Abstract
AIM: To determine the genomic changes in hepatitis B virus (HBV) and evaluate their role in the development of hepatocellular carcinoma (HCC) in patients chronically infected with genotype C HBV. METHODS: Two hundred and forty chronic hepatitis B (CHB) patients were subjected and followed for a median of 105 mo. HCC was diagnosed in accordance with AASLD guidelines. The whole X, S, basal core promoter (BCP), and precore regions of HBV were sequenced using the direct sequencing method.
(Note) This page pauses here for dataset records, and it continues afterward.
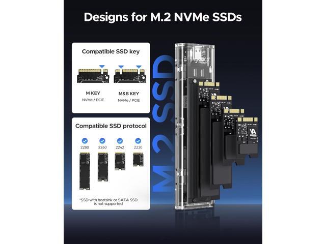 - Compatibility:Only M.2 M KEY SSD (NVME protocol) is supported with the form of 2280, 2260, 2242, 2230. Compatible with multiple operating systems: window / Mac / Linux; Note the Trim UASP protocol.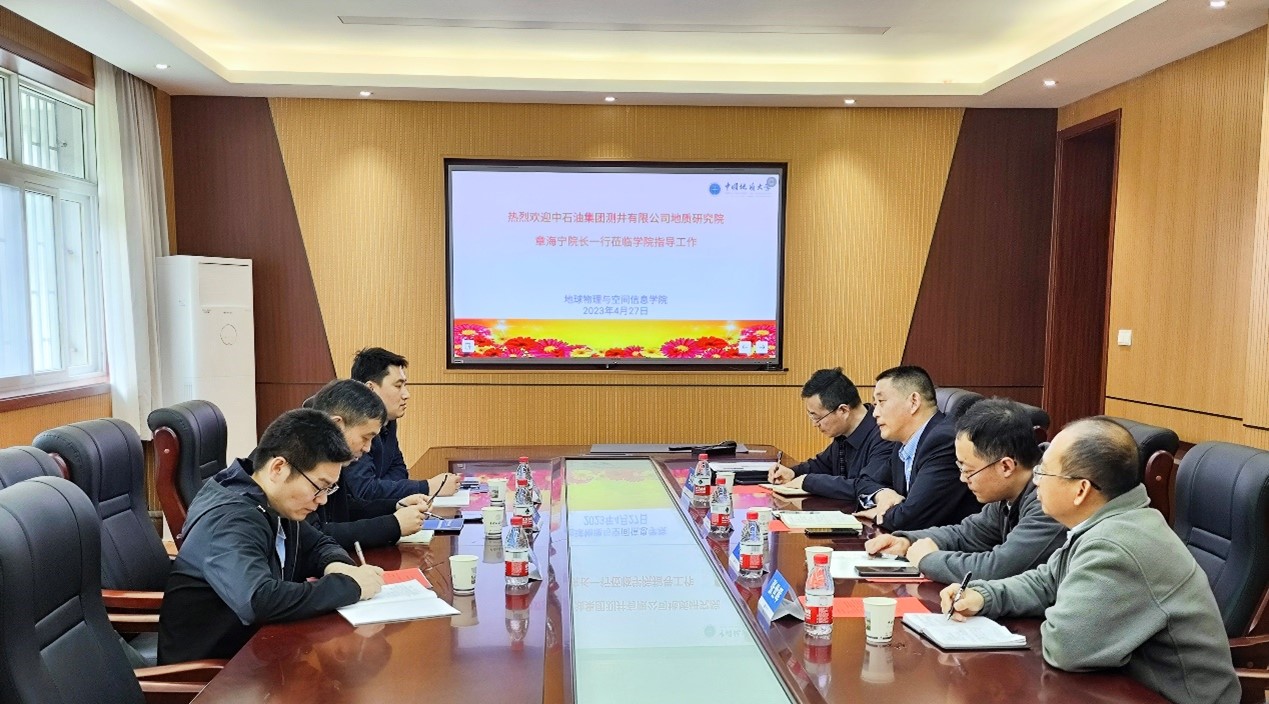 2023年4月27日,中国石油集团测井有限公司地质研究院领导和专家来beat365官网开展技术交流及院企合作。地质研究院院长章海宁、科技生产部主任崔式涛、碎屑岩研究所所长罗少成,学院党委书记马彦周、副院长严哲,学院教师张世晖、马火林参加座谈会。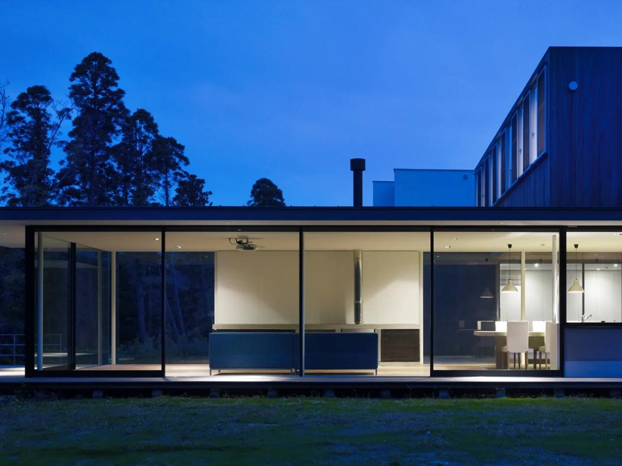Riverside House是日本千叶县的一个周末度假胜地,它位于一片毗邻河流的绿地上,项目建成于2007年。其特别之处在于,这栋住宅与河流呈平行关系。两个垂直体量从地面向河流突出,一个是带卧室和浴室的私人宿舍,另一个则是宽敞的起居空间。在两者之间,还有一扇大型玻璃推拉门,推开之后,有一个可以欣赏到河流景观的户外露台。建筑的外立面采用了雪松木与混凝土建造,有助于抵挡北风侵袭。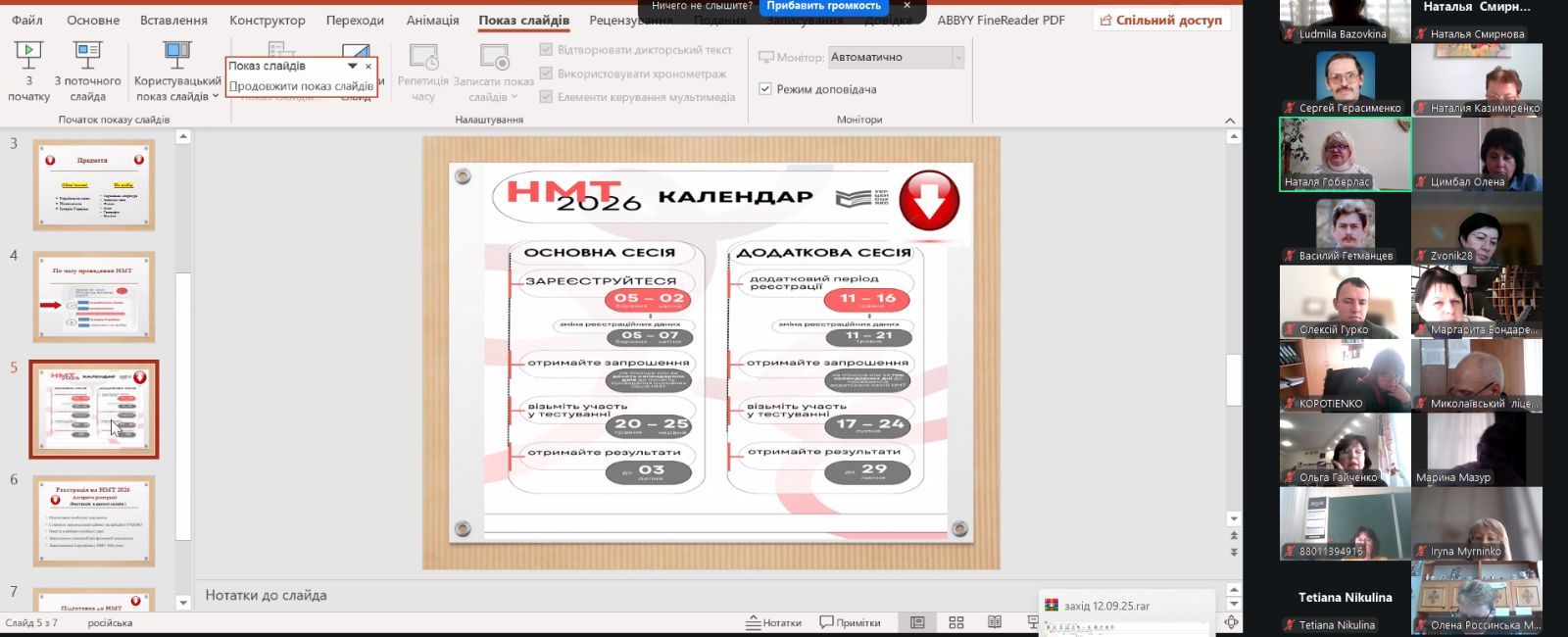 Під час зустрічі розглянули основні питання щодо організації та проведення тестування: календар НМТ-2026, алгоритм реєстрації учасника, оформлення документів, необхідних для реєстрації здобувачів освіти з ООП та тих, які навчаються за кордоном, важливість здійснення психологічного супроводу дітей під час налаштування та підготовки складання іспитів тощо. Акцентовано увагу представників закладів освіти на типові помилки під час реєстрації випускників та проходження ними тестування минулого року, необхідності проведення з випускниками та батьками інформаційно-просвітницької роботи щодо проведення НМТ та вступної кампанії в 2026 році.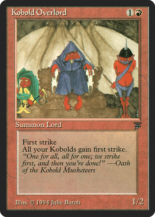 LegendsOut of stockCasting Cost Card TypeCreature — Kobold Soldier RarityUncommon ArtistJulie Baroh Power/Toughne...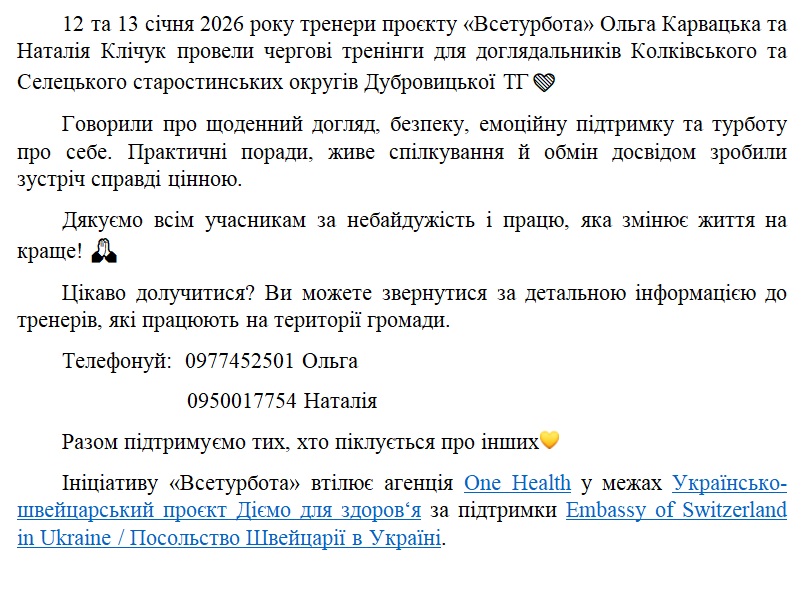 12 та 13 січня 2026 року тренери проєкту «Всетурбота» Ольга Карвацька та Наталія Клічук провели чергові тренінги для доглядальників Колківського та Селецького старостинських округів Дубровицької ТГ💙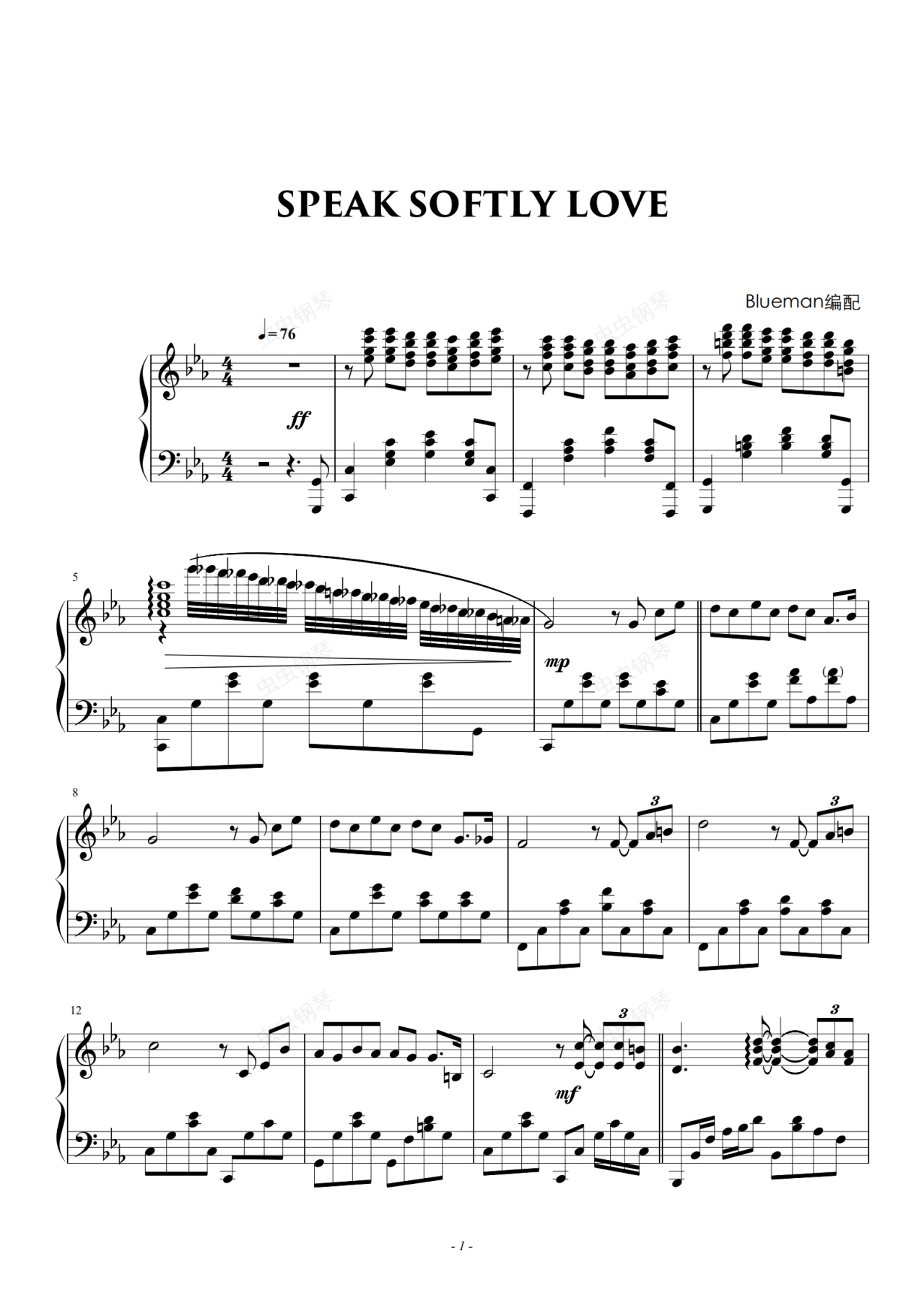 钢琴谱:Speak Softly Love -《教父》主题曲
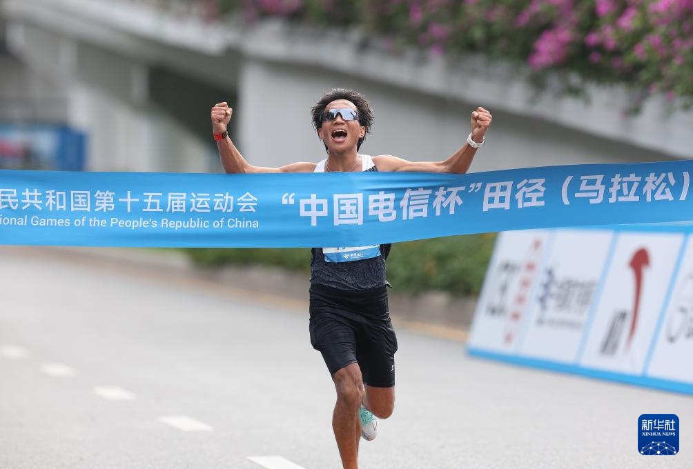 11月15日,宁夏队何洁在比赛中率先冲线,夺得冠军。同日,第十五届全国田径锦标赛男子马拉松比赛举行。此次赛事横跨深圳、香港,成为全运史上首次跨境马拉松。新华社记者丁婷供图 11月15日,宁夏队球员何洁在比赛中冲线庆祝胜利。同日,第十五届全国田径锦标赛男子马拉松比赛举行。此次赛事横跨深圳、香港,成为全运史上首次跨境马拉松。新华社记者丁婷供图。 上一篇:首页 体育丨“教练外卖”助力揭开湖南益阳市羽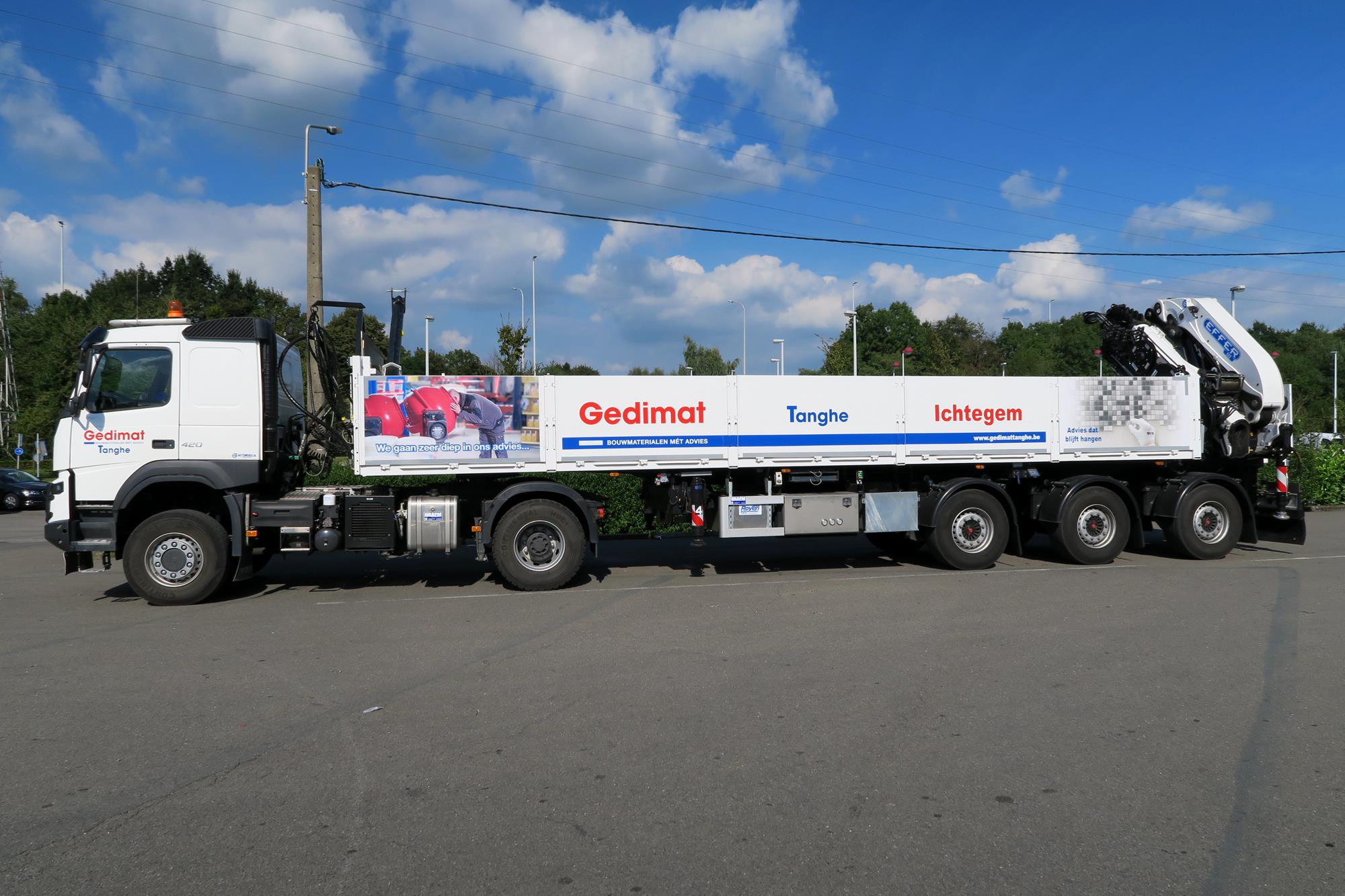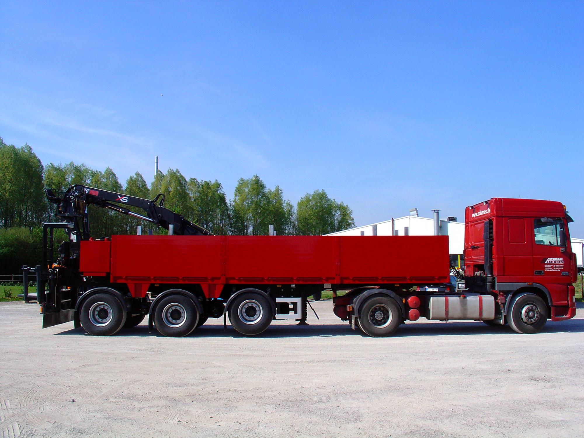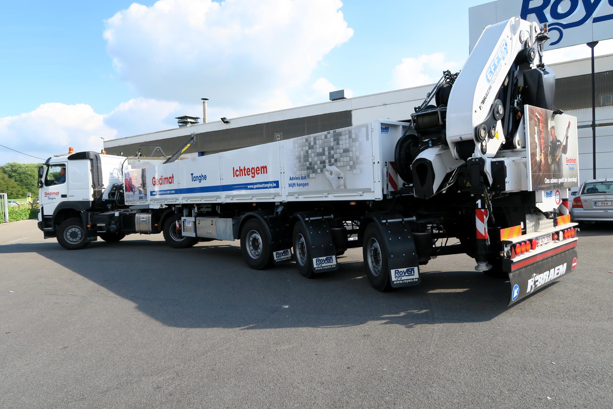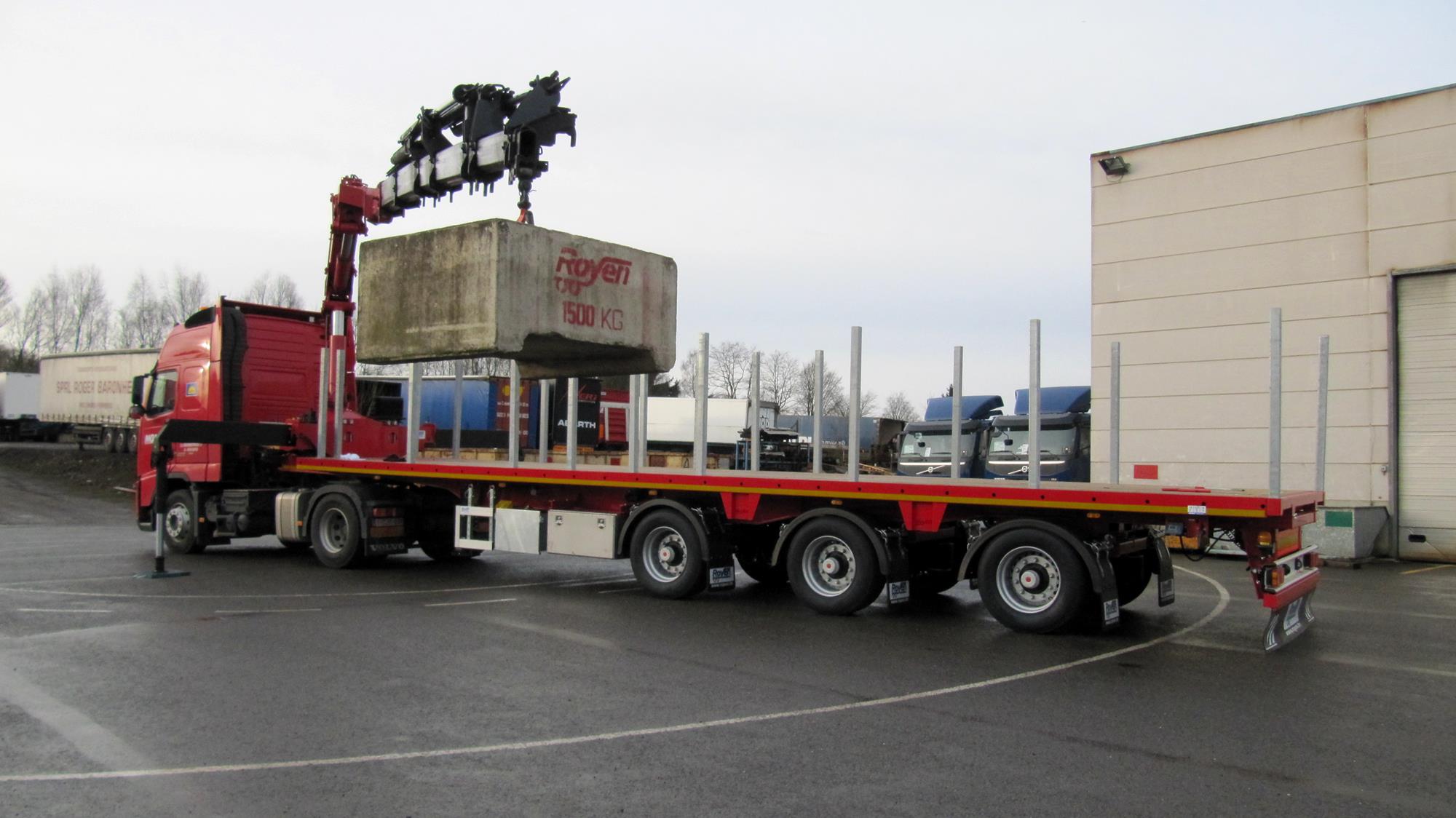 Semi-remorque plateau prévue pour montage de grue avec ou sans essieux dirigés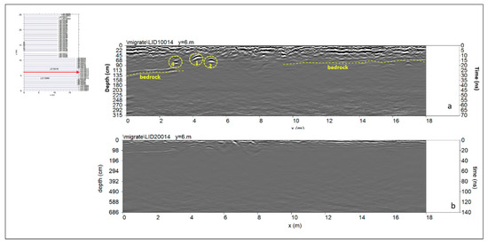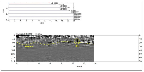 Area G was about 23 × 6 m. In this area an electromagnetic energy penetration depth of 40–45 ns was found. Figure 15 shows the processed radargram related to the 1st profile and to the 600 MHz antenna. It shows several hyperbolic shaped reflection events. The first reflection event (dashed yellow) continuous and slightly undulating reflector appears strong and irregular and reaches a maximum depth below the ground surface ranging from 0.8 to 1.30 m. This event could be related to the shallow bedrock visible also in the old excavations (Figure 6). The reflection events labelled 31 is visible at depth from about 0.40 m to 0.60 m. The dimension (about 0.80 m) and shape suggest that it is probably related to the presence of a tomb. Particularly it is important to underline that this event show a polarity inversion of the electromagnetic wave and this is related to the presence of void [38].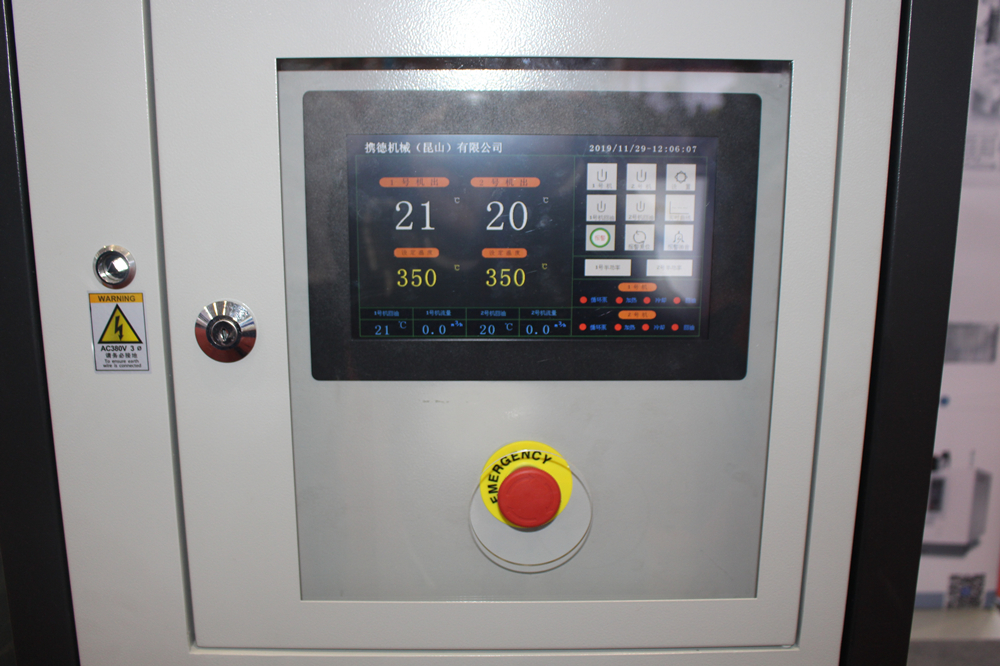 控制箱更直觀簡(jiǎn)便的大屏幕操作系統(tǒng) 另外,其新一代流道設(shè)計(jì),采用德國(guó)Speck無(wú)軸封磁力泵,杜絕泄露,坐高溫度350℃;泵浦前置,網(wǎng)罩堵塞更易察覺(jué),降低電機(jī)壽命短問(wèn)題;電控箱防水防塵導(dǎo)流設(shè)計(jì),電氣件壽命更長(zhǎng);待機(jī)、運(yùn)行、報(bào)警三色LED報(bào)警大燈,及時(shí)提醒;一鍵關(guān)機(jī)自動(dòng)冷卻功能,一鍵自動(dòng)回油功能;雙開(kāi)門設(shè)計(jì),高低壓隔離,防止數(shù)據(jù)誤調(diào);機(jī)器尺寸更小,減少占地空間。 值得一提的是,順應(yīng)“工業(yè)4.0”大潮,昆山攜德還結(jié)合溫控設(shè)備開(kāi)發(fā)出溫控管理系統(tǒng),實(shí)現(xiàn)智能物聯(lián),與壓鑄機(jī)信號(hào)對(duì)接,智能終端遠(yuǎn)程操控,助推企業(yè)用戶自動(dòng)化、智能化、數(shù)字化管理。 |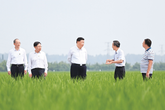 2022年6月8日,中共中央总书记、国家主席、中央军委主席习近平在四川考察。这是8日上午,习近平在眉山市东坡区太和镇永丰村高标准水稻种植基地考察,了解水稻试验育种和种植推广情况。新华社记者 谢环驰/摄

RESULTS: All of the subjects were infected with genotype C HBV. Out of 240 CHB patients, 25 (10%) had C1653T and 33 (14%) had T1753V mutation in X region; 157 (65%) had A1762T/G1764A mutations in BCP region, 50 (21%) had G1896A mutation in precore region and 67 (28%) had pre-S deletions. HCC occurred in 6 patients (3%). The prevalence of T1753V mutation was significantly higher in patients who developed HCC than in those without HCC. The cumulative occurrence rates of HCC were 5% and 19% at 10 and 15 years, respectively, in patients with T1753V mutant, which were significantly higher than 1% and 1% in those with wild type HBV (P < 0.001). CONCLUSION: The presence of T1753V mutation in HBV X-gene significantly increases the risk of HCC development in patients chronically infected with genotype C HBV.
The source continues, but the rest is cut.